Work through the entries below and show every line in which "Grand" is found.

────

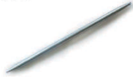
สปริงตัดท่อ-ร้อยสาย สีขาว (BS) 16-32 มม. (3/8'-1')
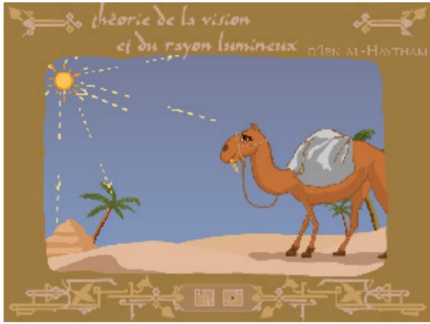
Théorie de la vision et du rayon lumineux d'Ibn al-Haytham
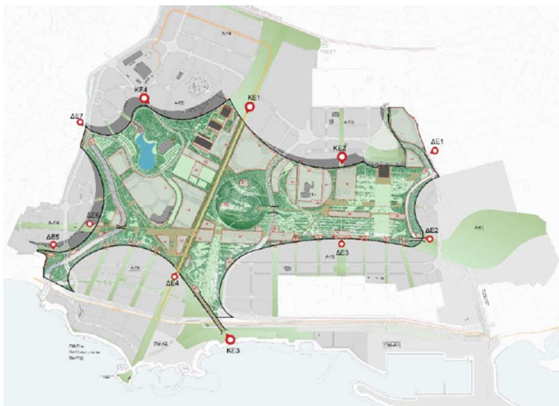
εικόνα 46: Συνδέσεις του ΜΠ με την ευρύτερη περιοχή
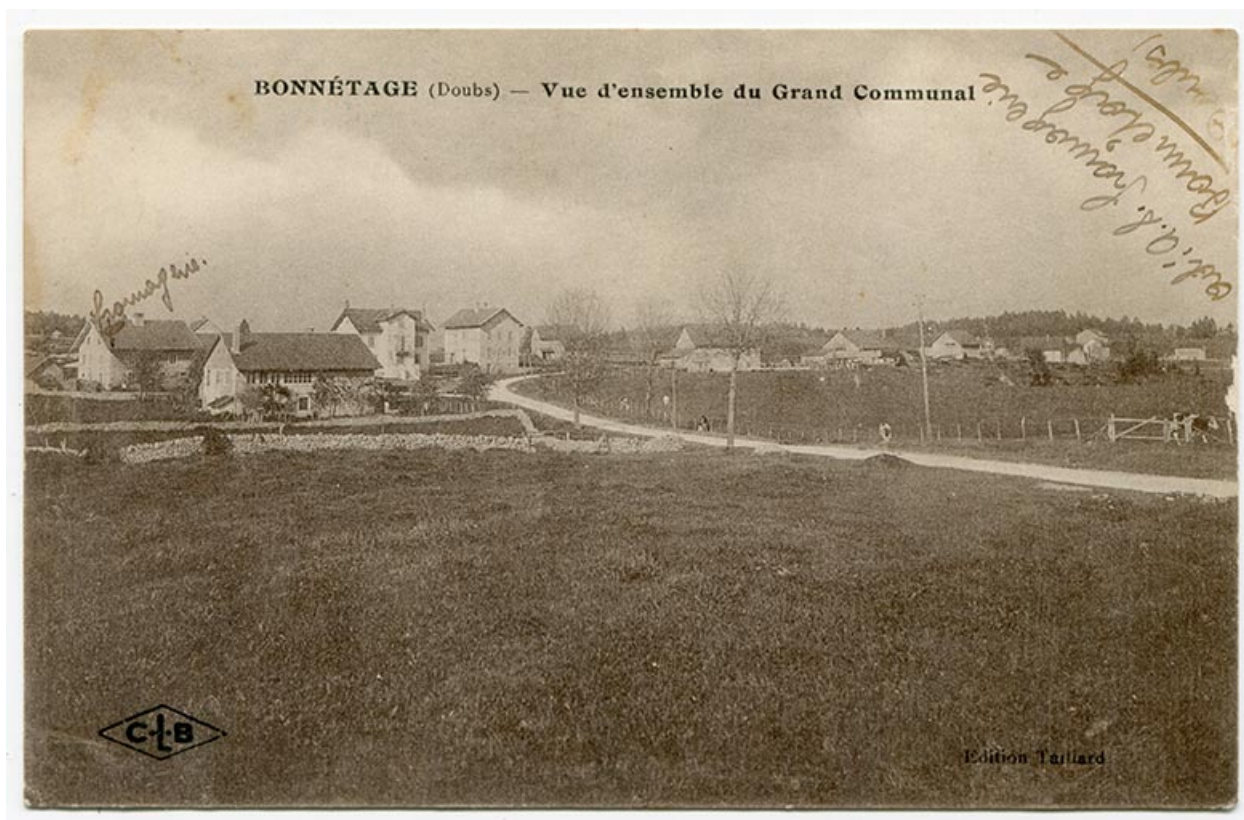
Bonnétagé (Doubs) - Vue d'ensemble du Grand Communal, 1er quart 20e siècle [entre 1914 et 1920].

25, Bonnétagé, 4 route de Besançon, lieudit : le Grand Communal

────

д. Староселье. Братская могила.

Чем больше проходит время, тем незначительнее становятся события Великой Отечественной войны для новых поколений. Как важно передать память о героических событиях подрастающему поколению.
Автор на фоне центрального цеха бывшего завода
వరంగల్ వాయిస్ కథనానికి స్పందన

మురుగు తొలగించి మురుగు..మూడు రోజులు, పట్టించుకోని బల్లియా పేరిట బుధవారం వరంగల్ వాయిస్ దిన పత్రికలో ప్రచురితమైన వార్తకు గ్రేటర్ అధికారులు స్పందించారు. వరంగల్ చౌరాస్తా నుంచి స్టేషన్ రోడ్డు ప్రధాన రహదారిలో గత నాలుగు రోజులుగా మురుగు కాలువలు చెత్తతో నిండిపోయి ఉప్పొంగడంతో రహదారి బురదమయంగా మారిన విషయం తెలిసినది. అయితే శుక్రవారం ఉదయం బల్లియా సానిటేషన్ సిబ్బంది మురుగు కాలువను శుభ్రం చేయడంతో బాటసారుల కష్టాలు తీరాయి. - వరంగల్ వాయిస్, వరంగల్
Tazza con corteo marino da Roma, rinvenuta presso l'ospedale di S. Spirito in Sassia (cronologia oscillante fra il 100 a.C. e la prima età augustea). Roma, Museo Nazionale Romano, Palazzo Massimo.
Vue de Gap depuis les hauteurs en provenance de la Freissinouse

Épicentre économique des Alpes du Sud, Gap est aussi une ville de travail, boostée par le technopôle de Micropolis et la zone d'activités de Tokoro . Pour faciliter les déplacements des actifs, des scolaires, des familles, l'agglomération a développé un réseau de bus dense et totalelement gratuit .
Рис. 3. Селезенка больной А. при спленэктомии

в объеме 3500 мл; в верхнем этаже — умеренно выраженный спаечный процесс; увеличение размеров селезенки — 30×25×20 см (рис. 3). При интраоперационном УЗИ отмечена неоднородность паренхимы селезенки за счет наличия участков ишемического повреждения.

────

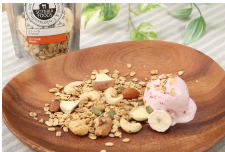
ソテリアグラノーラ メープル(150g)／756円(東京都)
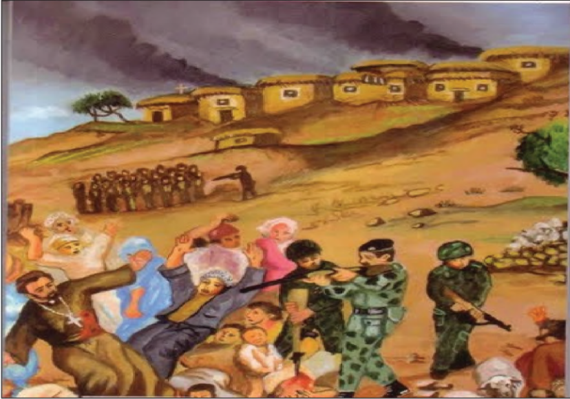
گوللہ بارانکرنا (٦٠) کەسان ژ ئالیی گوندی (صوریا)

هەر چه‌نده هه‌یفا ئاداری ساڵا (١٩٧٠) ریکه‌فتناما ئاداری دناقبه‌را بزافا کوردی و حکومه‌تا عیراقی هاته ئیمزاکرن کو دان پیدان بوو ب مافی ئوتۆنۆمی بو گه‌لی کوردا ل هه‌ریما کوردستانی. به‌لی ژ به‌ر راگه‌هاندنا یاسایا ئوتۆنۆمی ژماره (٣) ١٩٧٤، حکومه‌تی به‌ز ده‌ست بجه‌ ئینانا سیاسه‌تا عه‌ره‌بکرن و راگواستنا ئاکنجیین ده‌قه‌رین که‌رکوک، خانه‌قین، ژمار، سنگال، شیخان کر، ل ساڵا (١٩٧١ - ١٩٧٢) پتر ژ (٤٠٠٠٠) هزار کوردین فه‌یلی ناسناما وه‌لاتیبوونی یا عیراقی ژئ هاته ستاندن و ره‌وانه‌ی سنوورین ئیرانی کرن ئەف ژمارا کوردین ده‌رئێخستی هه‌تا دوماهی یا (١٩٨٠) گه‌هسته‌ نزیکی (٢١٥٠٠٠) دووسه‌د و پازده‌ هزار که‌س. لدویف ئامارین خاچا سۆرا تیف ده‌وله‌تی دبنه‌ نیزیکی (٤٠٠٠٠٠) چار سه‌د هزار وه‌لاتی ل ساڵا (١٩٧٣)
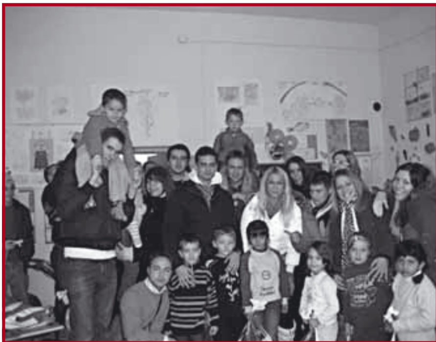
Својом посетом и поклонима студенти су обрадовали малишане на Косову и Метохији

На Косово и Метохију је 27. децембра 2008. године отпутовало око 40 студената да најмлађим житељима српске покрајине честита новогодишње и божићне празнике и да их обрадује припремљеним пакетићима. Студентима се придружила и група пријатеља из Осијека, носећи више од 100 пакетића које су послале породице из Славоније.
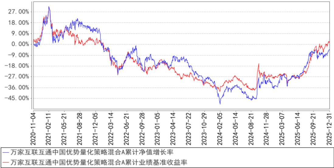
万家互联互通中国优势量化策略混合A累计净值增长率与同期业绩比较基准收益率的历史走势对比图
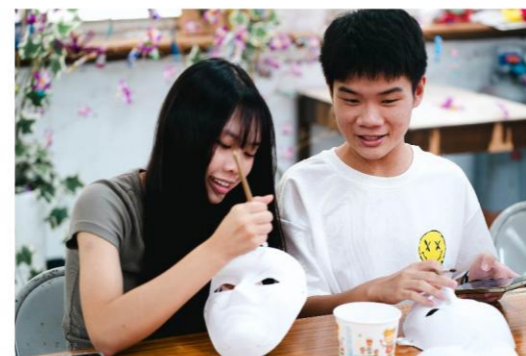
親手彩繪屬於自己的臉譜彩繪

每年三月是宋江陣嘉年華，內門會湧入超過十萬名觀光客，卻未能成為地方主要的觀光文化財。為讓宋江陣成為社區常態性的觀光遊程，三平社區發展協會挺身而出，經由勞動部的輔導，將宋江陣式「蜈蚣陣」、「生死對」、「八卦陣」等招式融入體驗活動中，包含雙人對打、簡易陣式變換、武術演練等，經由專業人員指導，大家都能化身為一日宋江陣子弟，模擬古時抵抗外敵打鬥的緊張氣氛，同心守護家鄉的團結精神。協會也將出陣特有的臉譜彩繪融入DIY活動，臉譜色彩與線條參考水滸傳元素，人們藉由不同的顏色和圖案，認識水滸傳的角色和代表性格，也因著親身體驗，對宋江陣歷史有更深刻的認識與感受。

────

Response:
Bonnétagé (Doubs) - Vue d'ensemble du Grand Communal, 1er quart 20e siècle [entre 1914 et 1920].
25, Bonnétagé, 4 route de Besançon, lieudit : le Grand Communal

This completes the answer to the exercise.